* WORK INSTRUCTIONS *
Exactly as written, set down each line of the data below except its pictures.

* SUPPLIED DATA *
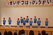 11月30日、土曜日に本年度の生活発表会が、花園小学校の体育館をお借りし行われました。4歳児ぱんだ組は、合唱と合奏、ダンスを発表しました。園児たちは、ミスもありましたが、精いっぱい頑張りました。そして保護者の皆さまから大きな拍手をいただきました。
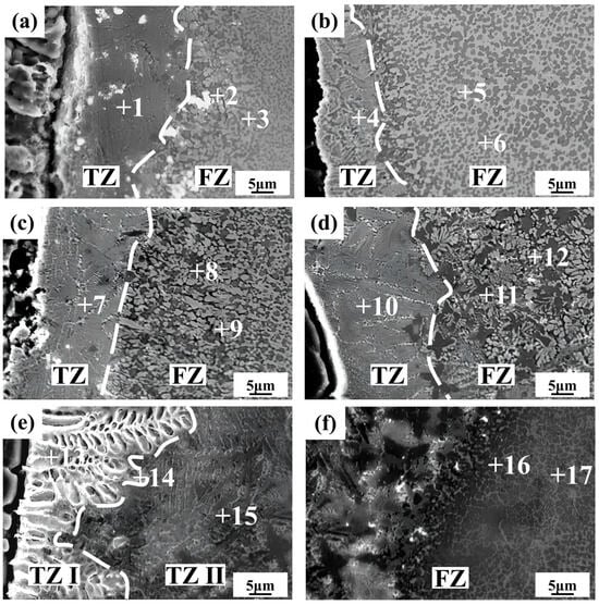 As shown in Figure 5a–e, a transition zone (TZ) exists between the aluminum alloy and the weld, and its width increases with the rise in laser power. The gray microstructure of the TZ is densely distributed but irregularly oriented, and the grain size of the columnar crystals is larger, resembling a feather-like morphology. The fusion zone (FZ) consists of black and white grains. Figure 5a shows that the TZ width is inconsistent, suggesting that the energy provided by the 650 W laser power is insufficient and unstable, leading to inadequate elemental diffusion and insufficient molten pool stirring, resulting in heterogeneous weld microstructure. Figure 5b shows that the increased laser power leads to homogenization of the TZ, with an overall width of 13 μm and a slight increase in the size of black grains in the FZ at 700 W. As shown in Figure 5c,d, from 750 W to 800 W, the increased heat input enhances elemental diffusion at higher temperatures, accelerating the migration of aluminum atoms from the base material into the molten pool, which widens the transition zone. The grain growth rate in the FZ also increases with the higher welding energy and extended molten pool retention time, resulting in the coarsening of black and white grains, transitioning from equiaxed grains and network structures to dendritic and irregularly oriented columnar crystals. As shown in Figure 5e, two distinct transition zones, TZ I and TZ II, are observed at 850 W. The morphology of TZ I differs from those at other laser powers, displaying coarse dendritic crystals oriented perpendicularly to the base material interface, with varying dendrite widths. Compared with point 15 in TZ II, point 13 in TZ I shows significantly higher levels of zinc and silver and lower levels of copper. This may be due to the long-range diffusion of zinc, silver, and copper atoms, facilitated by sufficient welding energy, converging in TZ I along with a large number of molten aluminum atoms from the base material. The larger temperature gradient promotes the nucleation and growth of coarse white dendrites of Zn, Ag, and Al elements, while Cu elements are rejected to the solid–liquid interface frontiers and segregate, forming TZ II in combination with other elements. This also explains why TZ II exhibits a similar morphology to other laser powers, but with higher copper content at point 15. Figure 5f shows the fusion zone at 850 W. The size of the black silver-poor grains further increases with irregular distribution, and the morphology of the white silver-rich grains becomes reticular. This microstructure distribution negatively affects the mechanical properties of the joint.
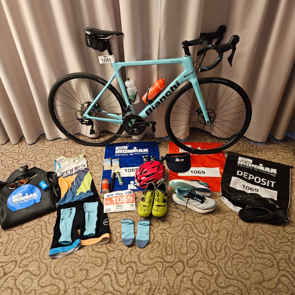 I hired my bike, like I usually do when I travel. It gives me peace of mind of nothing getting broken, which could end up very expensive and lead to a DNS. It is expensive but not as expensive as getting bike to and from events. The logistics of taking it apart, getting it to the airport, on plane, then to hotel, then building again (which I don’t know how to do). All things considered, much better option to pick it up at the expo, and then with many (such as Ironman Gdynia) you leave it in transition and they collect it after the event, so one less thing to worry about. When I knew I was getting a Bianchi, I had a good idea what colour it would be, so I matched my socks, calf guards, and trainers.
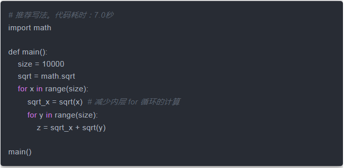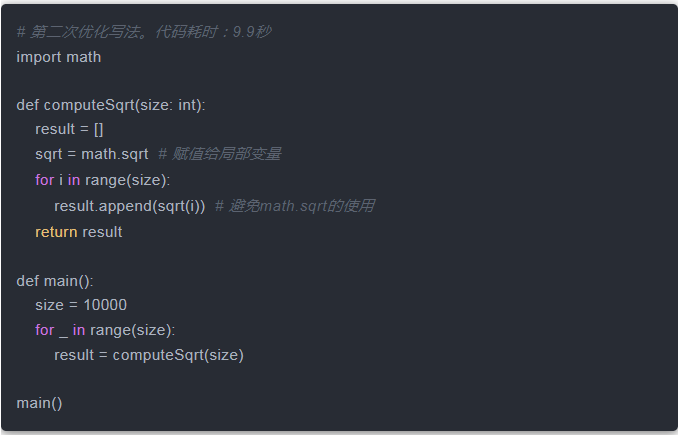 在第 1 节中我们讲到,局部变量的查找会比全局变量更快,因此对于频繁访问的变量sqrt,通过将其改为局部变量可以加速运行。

* SOLUTION TO THE EXERCISE *
 11月30日、土曜日に本年度の生活発表会が、花園小学校の体育館をお借りし行われました。4歳児ぱんだ組は、合唱と合奏、ダンスを発表しました。園児たちは、ミスもありましたが、精いっぱい頑張りました。そして保護者の皆さまから大きな拍手をいただきました。
 As shown in Figure 5a–e, a transition zone (TZ) exists between the aluminum alloy and the weld, and its width increases with the rise in laser power. The gray microstructure of the TZ is densely distributed but irregularly oriented, and the grain size of the columnar crystals is larger, resembling a feather-like morphology. The fusion zone (FZ) consists of black and white grains. Figure 5a shows that the TZ width is inconsistent, suggesting that the energy provided by the 650 W laser power is insufficient and unstable, leading to inadequate elemental diffusion and insufficient molten pool stirring, resulting in heterogeneous weld microstructure. Figure 5b shows that the increased laser power leads to homogenization of the TZ, with an overall width of 13 μm and a slight increase in the size of black grains in the FZ at 700 W. As shown in Figure 5c,d, from 750 W to 800 W, the increased heat input enhances elemental diffusion at higher temperatures, accelerating the migration of aluminum atoms from the base material into the molten pool, which widens the transition zone. The grain growth rate in the FZ also increases with the higher welding energy and extended molten pool retention time, resulting in the coarsening of black and white grains, transitioning from equiaxed grains and network structures to dendritic and irregularly oriented columnar crystals. As shown in Figure 5e, two distinct transition zones, TZ I and TZ II, are observed at 850 W. The morphology of TZ I differs from those at other laser powers, displaying coarse dendritic crystals oriented perpendicularly to the base material interface, with varying dendrite widths. Compared with point 15 in TZ II, point 13 in TZ I shows significantly higher levels of zinc and silver and lower levels of copper. This may be due to the long-range diffusion of zinc, silver, and copper atoms, facilitated by sufficient welding energy, converging in TZ I along with a large number of molten aluminum atoms from the base material. The larger temperature gradient promotes the nucleation and growth of coarse white dendrites of Zn, Ag, and Al elements, while Cu elements are rejected to the solid–liquid interface frontiers and segregate, forming TZ II in combination with other elements. This also explains why TZ II exhibits a similar morphology to other laser powers, but with higher copper content at point 15. Figure 5f shows the fusion zone at 850 W. The size of the black silver-poor grains further increases with irregular distribution, and the morphology of the white silver-rich grains becomes reticular. This microstructure distribution negatively affects the mechanical properties of the joint.
 I hired my bike, like I usually do when I travel. It gives me peace of mind of nothing getting broken, which could end up very expensive and lead to a DNS. It is expensive but not as expensive as getting bike to and from events. The logistics of taking it apart, getting it to the airport, on plane, then to hotel, then building again (which I don’t know how to do). All things considered, much better option to pick it up at the expo, and then with many (such as Ironman Gdynia) you leave it in transition and they collect it after the event, so one less thing to worry about. When I knew I was getting a Bianchi, I had a good idea what colour it would be, so I matched my socks, calf guards, and trainers.
 在第 1 节中我们讲到,局部变量的查找会比全局变量更快,因此对于频繁访问的变量sqrt,通过将其改为局部变量可以加速运行。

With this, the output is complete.